A proposta aprovada ontem anula ainda artigo da resolução que determina que
"os psicólogos não se pronunciarão, nem participarão de pronunciamentos
públicos, nos meios de comunicação de massa, de modo a reforçar os preconceitos
sociais existentes em relação aos homossexuais como portadores de qualquer
desordem psíquica".
Na justificativa do documento, Campos afirma que o conselho "extrapolou seu
poder regulamentar" ao "restringir o trabalho dos profissionais e o direito da
pessoa de receber orientação profissional".
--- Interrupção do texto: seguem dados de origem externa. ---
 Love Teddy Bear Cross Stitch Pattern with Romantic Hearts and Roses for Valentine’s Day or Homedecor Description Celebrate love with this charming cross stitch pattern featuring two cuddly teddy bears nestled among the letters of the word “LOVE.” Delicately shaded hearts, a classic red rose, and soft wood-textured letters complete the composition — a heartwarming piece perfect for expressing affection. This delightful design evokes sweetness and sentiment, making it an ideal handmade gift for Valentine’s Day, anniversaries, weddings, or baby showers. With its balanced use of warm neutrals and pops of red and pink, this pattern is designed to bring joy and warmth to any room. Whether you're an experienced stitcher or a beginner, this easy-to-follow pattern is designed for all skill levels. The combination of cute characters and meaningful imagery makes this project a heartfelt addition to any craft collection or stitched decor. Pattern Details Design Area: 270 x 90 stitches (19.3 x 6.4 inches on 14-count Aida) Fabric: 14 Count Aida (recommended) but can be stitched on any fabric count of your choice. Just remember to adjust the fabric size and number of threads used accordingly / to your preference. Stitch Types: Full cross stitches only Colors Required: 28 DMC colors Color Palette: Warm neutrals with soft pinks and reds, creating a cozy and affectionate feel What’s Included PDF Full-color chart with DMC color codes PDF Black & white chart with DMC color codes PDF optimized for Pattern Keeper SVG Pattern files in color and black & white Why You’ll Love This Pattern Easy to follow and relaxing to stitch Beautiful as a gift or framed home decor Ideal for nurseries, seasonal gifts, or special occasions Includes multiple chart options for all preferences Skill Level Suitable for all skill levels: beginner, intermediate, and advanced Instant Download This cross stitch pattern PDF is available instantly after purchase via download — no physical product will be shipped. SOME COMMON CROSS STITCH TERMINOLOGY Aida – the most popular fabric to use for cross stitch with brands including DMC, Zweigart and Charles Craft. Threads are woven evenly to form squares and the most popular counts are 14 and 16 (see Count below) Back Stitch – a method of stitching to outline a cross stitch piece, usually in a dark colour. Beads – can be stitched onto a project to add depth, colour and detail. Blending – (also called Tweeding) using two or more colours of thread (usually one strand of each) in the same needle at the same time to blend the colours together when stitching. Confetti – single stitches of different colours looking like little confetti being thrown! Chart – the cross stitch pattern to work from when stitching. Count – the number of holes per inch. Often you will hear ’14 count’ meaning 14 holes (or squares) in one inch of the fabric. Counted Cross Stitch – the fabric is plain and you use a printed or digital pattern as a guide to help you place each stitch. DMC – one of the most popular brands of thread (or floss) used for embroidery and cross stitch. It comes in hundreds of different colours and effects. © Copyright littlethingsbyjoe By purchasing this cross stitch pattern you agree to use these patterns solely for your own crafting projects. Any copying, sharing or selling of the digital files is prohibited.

A votação é uma vitória da bancada evangélica, que tenta avançar com o
projeto há dois anos. Durante o debate, manifestantes exibiram cartazes com
frases contrárias ao texto. "Não há cura para quem não está doente", dizia um
deles.
HISTÓRICO
Desde o mês passado, a votação foi adiada ao menos cinco vezes, por
diferentes motivos - desde falta de quórum a pedido de vistas de congressista.
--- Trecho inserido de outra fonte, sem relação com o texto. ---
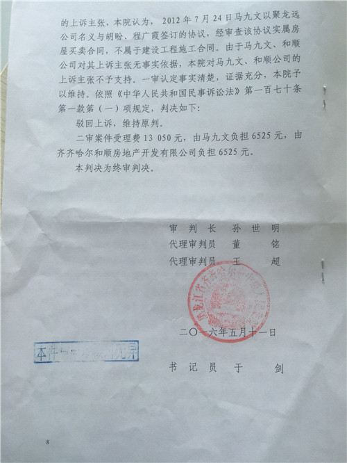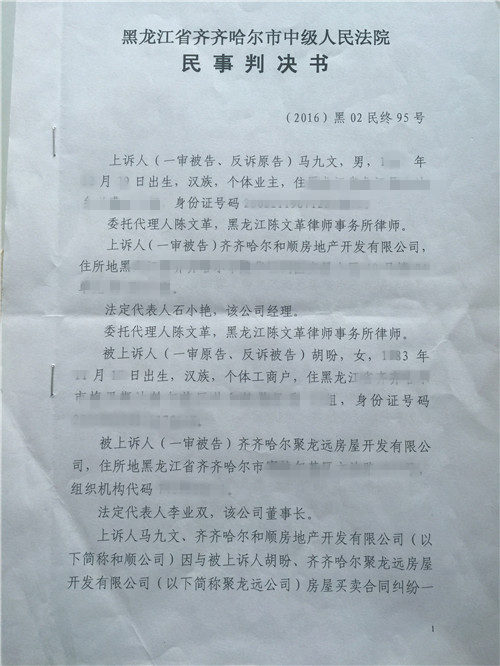 黑龙江省齐市中院房屋买卖合同纠纷(2016)黑02民终95号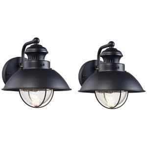 John Timberland Industrial Outdoor Wall Light Fixtures Set of 2 Black Metal LED 8" Seedy Glass for Exterior Barn Deck House Porch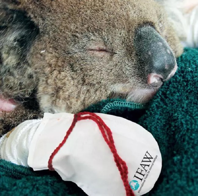 In this battle, help has come from half a world away in the form of special mittens for affected koalas. For the joeys, little pouches have also been sewn together to protect their little paws.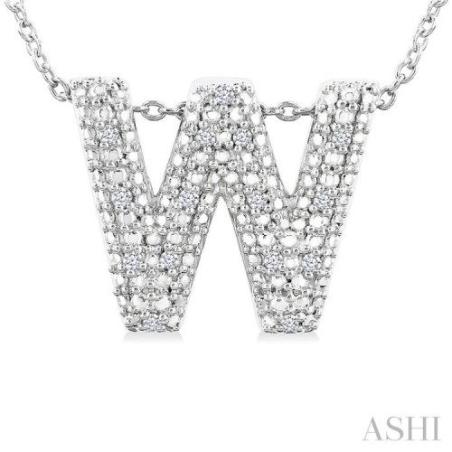 1/20 Ctw Bubble Accent Initial ‘W’ Round Cut Diamond Fashion Pendant With Chain in Sterling Silver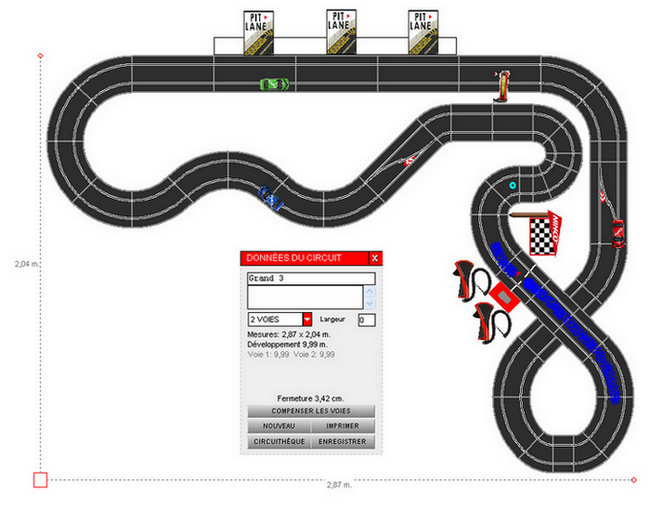 N'ayant pas une très grande place, je me suis équipé du logiciel Ninco pour tracé la piste. Et voici: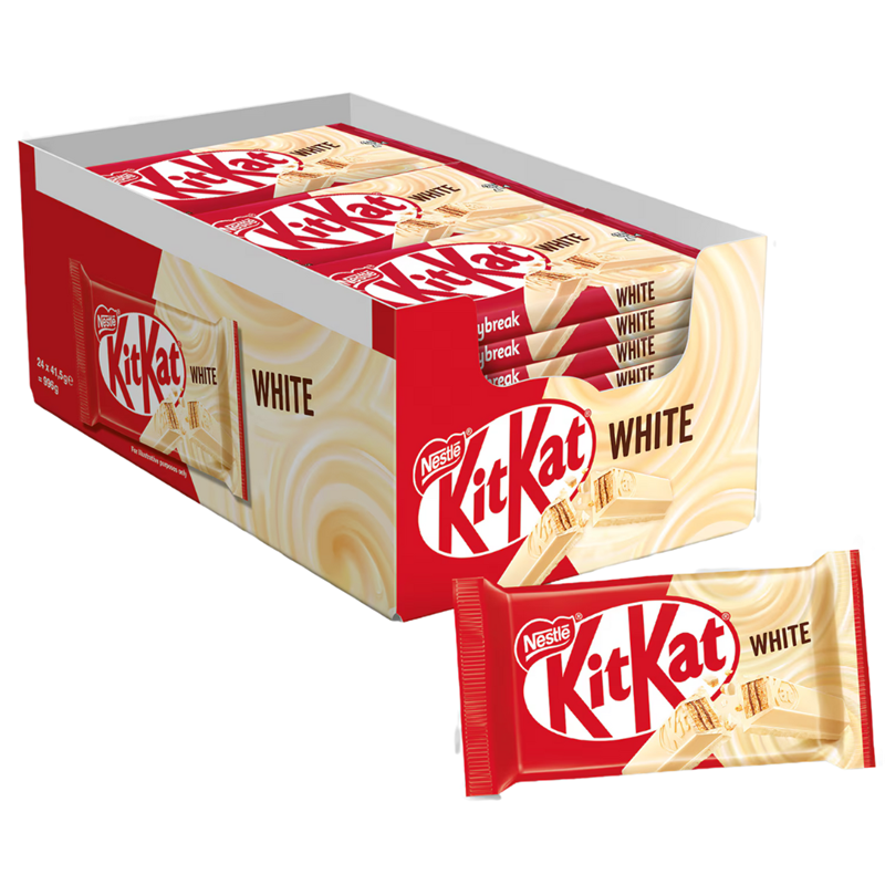 KitKat White Nestlé: croccante wafer a più strati ricoperto da delizioso cioccolato bianco. Un perfetto equilibrio di dolcezza e leggerezza per una pausa golosa e cremosa.

O relator do texto na Comissão de Direitos Humanos, deputado Anderson
Ferreira (PR-PE), foi favorável ao projeto. "A Psicologia é uma disciplina em
constante evolução e tem diversas
correntes teóricas, sendo difícil
determinar procedimentos corretos ou não, metodologias
de trabalho
apropriadas ou não", afirma o deputado em seu relatório.
"É direito do profissional conduzir sua abordagem conforme a linha de atuação
que estudou e prefere adotar. Também constitui direito do paciente buscar aquele
tipo de atendimento que satisfaz seus anseios", completa ele.
Para Ferreira, a mudança na resolução do Conselho Federal de Psicologia
reforça a "liberdade de exercício da profissão" de psicólogo.
A proposta é rejeitada pelo CFP. No ano passado, a entidade recusou-se a
participar de uma audiência pública realizada na Câmara para debater o projeto.
O conselho inclusive lançou uma campanha contra a ideia. A OMS (Organização
Mundial de Saúde) deixou de considerar a homossexualidade doença em 1993.
POLÊMICA
Desde que assumiu o comando da comissão em fevereiro, o deputado Marco
Feliciano enfrenta protestos de ativistas de direitos humanos que o acusam de
racismo e homofobia. Ele nega. Uma das críticas dos ativistas é que o deputado
beneficiaria os evangélicos na discussão da proposta na comissão.
No mês passado, em seu Twitter, Feliciano defendeu a inclusão do projeto na
pauta da comissão, afirmando que "não podemos fugir de assuntos como este". O
deputado ainda criticou a cobertura da imprensa sobre o assunto.
"A mídia divulga um PL [projeto de lei] como "cura gay" quando na verdade ele
não trata sobre isso, até porque homossexualidade não é doença", escreveu na
ocasião. "Esse projeto protege o profissional de psicologia quando procurado por
alguém com angústia sobre sua sexualidade", disse.